# WHAT THIS TASK INVOLVES
Could you repeat the listing exactly, leaving out the pictures?

# INPUT DATA
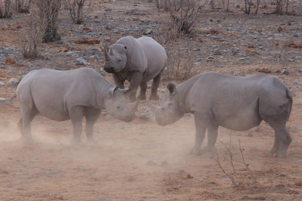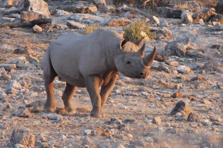 – 1 : le centre d’Etosha (Namibie) : on peut en voir en journée mais, à défaut, on est presque sur de les voir près des points d’eau (et notamment ceux des campements) à la tombée du jour. Le campement d’Halali est la meilleure option. Etosha est clairement le meilleur endroit pour bien observer des rhinocéros noirs sauvages.
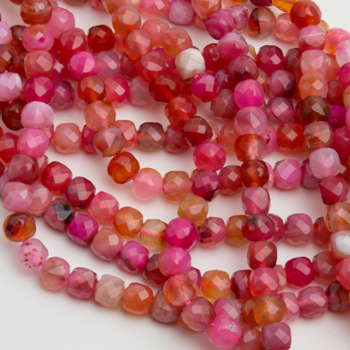 Agat ognisty kostka fasetowana 7mm
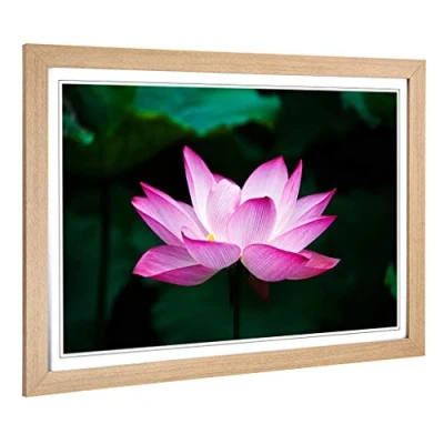 Big Box Art Framed Print of Flower Pink Lotus Design Wall Picture Home Decor for Kitchen, Living, Dining Room, Lounge, Bedroom, Hallway, Office, Oak, A2 / 24.5x18 Inch 62x45cm

# SOLUTION TO THIS TASK
 – 1 : le centre d’Etosha (Namibie) : on peut en voir en journée mais, à défaut, on est presque sur de les voir près des points d’eau (et notamment ceux des campements) à la tombée du jour. Le campement d’Halali est la meilleure option. Etosha est clairement le meilleur endroit pour bien observer des rhinocéros noirs sauvages.
 Agat ognisty kostka fasetowana 7mm
 Big Box Art Framed Print of Flower Pink Lotus Design Wall Picture Home Decor for Kitchen, Living, Dining Room, Lounge, Bedroom, Hallway, Office, Oak, A2 / 24.5x18 Inch 62x45cm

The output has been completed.